Tymczasem, przynajmniej ja, niecałe dwa tygodnie przed wyborami, jestem niebywale „tym wszystkim” znużony. Jestem znużony i zirytowany wszechobecnym, przedwyborczym krzykiem, „wciskaniem się” wyborów w najbardziej prywatne zakątki życia, brutalnością i brakiem zasad „sztabowców”, cynizmem i hipokryzją kandydatów, ich nieskrywanym „parciem na władzę” – widzianymi i odczuwanymi na lokalnym, czyli tym najbliższym i najbardziej odczuwalnym poziomie. Czasami tak się zastanawiam – jak musi się czuć w tym „wyborczym sosie” wielu moich ukraińskich przyjaciół (poza „homo politicus” oczywiście), skoro ja, Polak – czyli ktoś, kto w ukraińskich wyborach ani nie kandyduje, ani nie głosuje, ani nie agituje – czuję się aż tak źle. Oj, nie zazdroszczę Wam moi kochani…

Oczywiście na to „przedwyborcze znużenie” szukam lekarstwa. Szukam ucieczki od zmęczenia, irytacji, strachu i zniecierpliwienia, które we mnie wywołują agresywne hasła, natarczywa propaganda, wyretuszowane portrety. Nietrudno się domyśleć – najzwyczajniej staram się uciec od tego wszystkiego, serce i umysł zająć „pozytywem”, staram się, chociaż to niełatwe, o tych wyborach zapomnieć. Przyznaję, w porównaniu z wieloma innymi „poddawanymi wyborczej tresurze”, jestem na uprzywilejowanej pozycji. Mieszkam bowiem w „czarodziejskim mieście”, w Drohobyczu, w miejscu pełnym ciepła, tajemnic i opowieści – mam więc gdzie od harmideru uciec, mam gdzie się zgubić, mam czym „leczyć” poranioną duszę.

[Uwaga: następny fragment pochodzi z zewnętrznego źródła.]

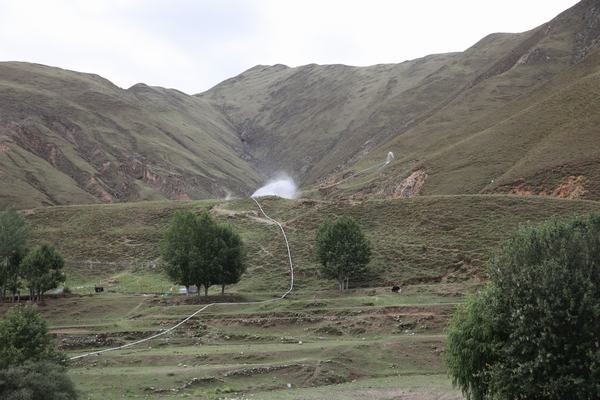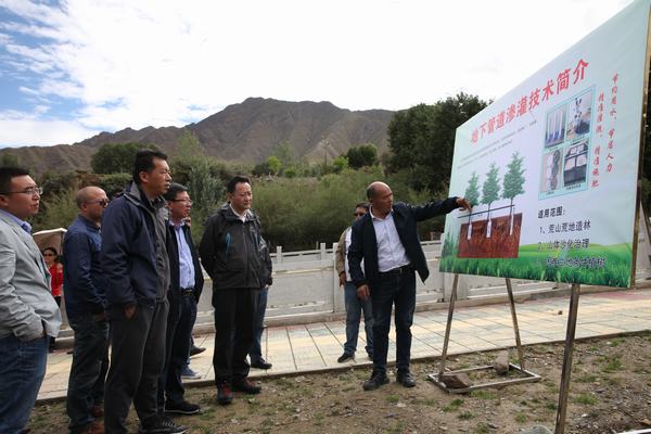 項(xiàng)目負(fù)責(zé)人譚言慶就慈覺(jué)林村江水上山試驗(yàn)項(xiàng)目的開展情況進(jìn)行了介紹。該項(xiàng)目是針對(duì)西藏復(fù)雜多樣的高原河谷地形和降水少、蒸發(fā)大,季節(jié)性干旱嚴(yán)重等,由自治區(qū)林草局組織進(jìn)行的試驗(yàn)項(xiàng)目,計(jì)劃投資58萬(wàn)元。試驗(yàn)項(xiàng)目不使用電力和汽油、柴油動(dòng)力,利用河水自然動(dòng)能,進(jìn)行提灌,提灌揚(yáng)程達(dá)110m,出水量約50m3/h,水能提灌設(shè)備運(yùn)行狀態(tài)良好。同時(shí),項(xiàng)目技術(shù)負(fù)責(zé)人譚言慶介紹了地下滲灌技術(shù),該項(xiàng)目由自治區(qū)林草局提出,自治區(qū)林科院進(jìn)行試驗(yàn),通過(guò)容量約3t左右的滲水池,可精準(zhǔn)灌溉樹木約3000株。該灌溉方式與漫灌、噴灌、滴灌方式相比較,具有灌水精確、施肥精準(zhǔn)、成本低廉、操作簡(jiǎn)便等優(yōu)點(diǎn)。
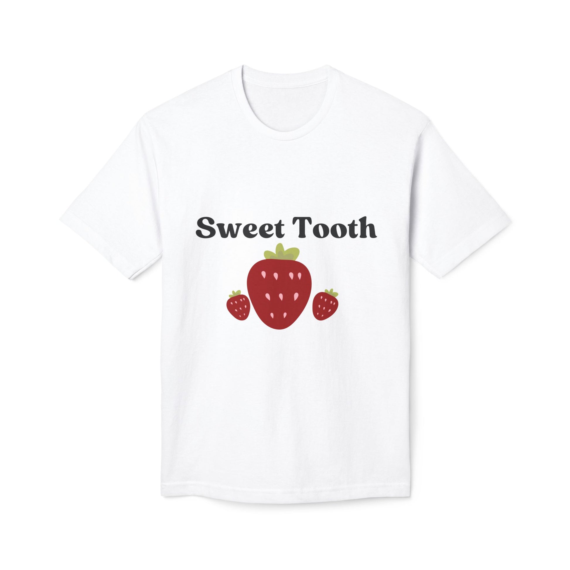 Introducing a stylish Unisex Midweight T-shirt that celebrates your sweet side! With its playful 'Sweet Tooth' design featuring adorable strawberries, this T-shirt adds a fun and lighthearted vibe to your wardrobe. Whether you're enjoying a sunny afternoon with friends or lounging at home, this versatile T-shirt is your go-to choice for comfort and style. Ideal for casual outings, summer gatherings, or cozy nights in while indulging in your favorite treats. This T-shirt makes a delightful gift for food lovers, casual wear enthusiasts, and anyone looking to spread a little joy during celebrations like birthdays, picnics, and holidays. Elevate your everyday look with this charming piece, made right here in the USA!
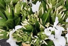 姜花又名野姜花。是姜科姜花属的多年生草本植物,茎高1-2米;叶片长圆状披针形或披针形,叶面光滑,叶背被短柔毛;穗状花序顶生,椭圆形,花芬芳,白色;蒴果卵状三棱形,微黄绿色;种子鲜红色,具橘红色的假种皮。…全部>>

Dlatego też, korzystam z tego tak intensywnie jak tylko mogę i niemal każdą wolną chwilę poświęcam na „drohobyckie spacery” – wędrówki po wąskich, urokliwych uliczkach śródmieścia, wsłuchiwanie się w stukot kroków po wiekowym bruku, poszukiwaniu drohobyckich legend i historii, rozkoszowaniu się filiżanką „kawy po drohobycku” (kawa ze szczyptą soli). Nie wiem jak innym, a mnie pozwala to odnaleźć spokój, koi ból, sprawia radość, jest remedium na szalony, wyborczy czas. Tak, tak – wiem. Wszystko to co teraz piszę, „w konwencji dnia dzisiejszego” jest takie niekonkretne, poetyckie, „rozmazane”. Impresja w czasach brutalnego realizmu? Właśnie tak! Jak bowiem można nie korzystać z piękna i spokoju, które są „na wyciągnięcie ręki? Jak można rezygnować z poezji na rzecz polityki? Ja nie zamierzam!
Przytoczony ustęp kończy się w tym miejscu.